La Camera dei Deputati ha approvato il disegno di legge presentato dalla senatrice Monica Cirinnà, confermando quanto già votato dal Senato della Repubblica lo scorso 25 febbraio. Le unioni civili diventano pertanto legge della Repubblica, in attesa della (formale) pubblicazione e promulgazione.
L’iter che ha portato all’approvazione è stato non facile, attraversato da innumerevoli polemiche sia sul merito delle norme che del procedimento: la blindatura del testo determinata delle due mozioni di fiducia, alla Camera e al Senato, rischia di lasciare una netta ferita politica la cui profondità potrà forse valutarsi in sede di referendum previsto per il prossimo ottobre.
Non si vuole qui discutere l’opportunità o la necessità del provvedimento, bensì anticipare alcune valutazioni meramente tecniche in attesa di altri autorevoli commenti e – soprattutti – i primi inevitabili pronunciamenti giurisprudenziali. Chiarendo, innanzitutto, come la nuova disciplina preveda da un lato la figura dell’unione civile e dall’altro il contratto di convivenza (art. 50) quale nuovo istituto teso a disciplinare i rapporti patrimoniali tra conviventi di fatto. Tre aspetti, in particolare, alimentano le perplessità.
In primis, la previsione di un obbligo di mantenimento in ipotesi di cessazione della convivenza. Nel tentativo di dare “più diritti” immancabilmente si finisce per dare anche “più oneri”. Non solo: il dettato normativo, sul punto, parla di “cessazione della convivenza di fatto” e non del “contratto di convivenza”. Il rischio, su cui si dovrà tornare, è che l’obbligo di mantenimento finisca per applicarsi a tutte le situazioni di fatto, con conseguenze a rischio paradosso. In breve, chi non si sposava per timore di successivi divorzi con assegni a carico ora ha solo una scelta: vivere da solo. Dai giovanissimi innamorati che provano la prima esperienza di convivenza agli anziani affidati a persone estranee alla famiglia il rischio di conseguenze economiche gravose collegate a mere situazioni di fatto diventa non trascurabile.
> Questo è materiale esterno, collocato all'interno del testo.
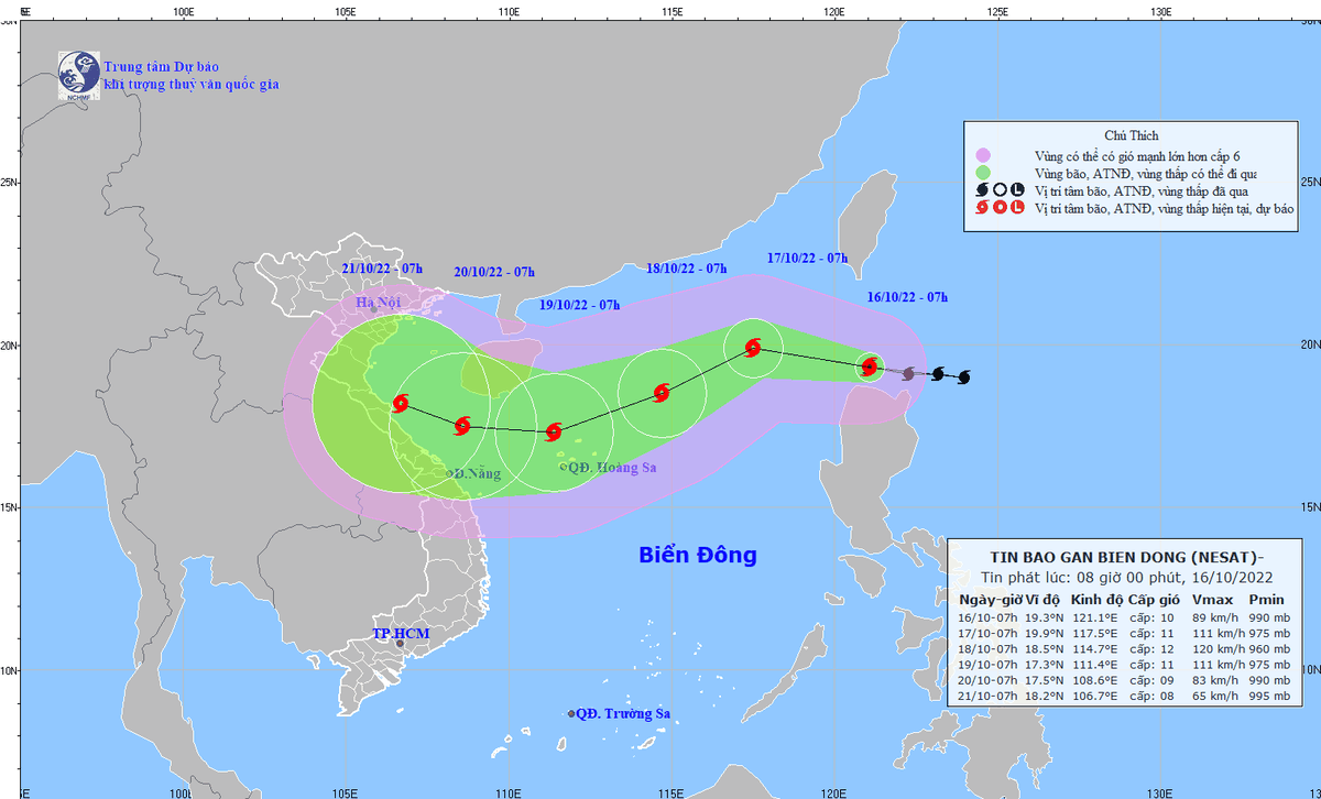 Trung tâm Dự báo khí tượng thủy văn quốc gia thông tin, sáng 16/10, bão Nesat cường độ đã mạnh lên cấp 11, giật cấp 12. Dự báo, trong 24 giờ tới, bão sẽ đi vào Biển Đông với cường độ dự báo cấp 11, giật cấp 13.

In secondo luogo, premettendo l’essere parte in causa, perplime l’equiparazione voluta dal legislatore fra autentica notarile e autentica dell’avvocato. I contratti di convivenza potranno essere ricevuti da avvocati e da notai, e – formalisticamente – non ci sarà nessuna differenza. Certo, i notai saranno tenuti agli obblighi di conservazione, potranno rilasciare copie autentiche e con formula esecutiva, saranno soggetti al controllo dell’Archivio Notarile; in breve saranno gravati da maggiori oneri che assicurano – al cliente e all’ordinamento tutto – maggiore tutela, ma la centralità della questione non sarà di universale comprensione.
Infine, rimangono abbozzati in maniera confusa i profili pubblicitari. Il contratto di convivenza deve essere notificato in copia entro dieci giorni ad opera del professionista che l’ha ricevuto al Comune di residenza dei clienti. Quale genere di copia? Cosa accade in caso di mancata trasmissione? Siamo certi della sufficienza dell’iscrizione all’anagrafe e dell’inserimento di un nuovo onere a carico di Comuni già stretti tra tagli alla spesa e ataviche difficoltà organizzative?
Il tema centrale, in conclusione, ritorna e rimane quello di una Repubblica sempre più debole, anche nell’attività produzione legislativa, che rinuncia ai controlli, con un’inevitabile scadimento delle tutele per i soggetti più deboli (per motivi economici, culturali, di salute, etc..). Il singolo e le sue scelte vedono un periodo di estrema “responsabilizzazione”, con il conseguente aumento di rischi per eventuali scelte sbagliate. Nell’attesa di potere invertire questa deriva normativa non si può che suggerire la massima attenzione nell’individuazione dei compagni di viaggi (che siano di convivenza, di apertura di un conto corrente o di consulenza professionale).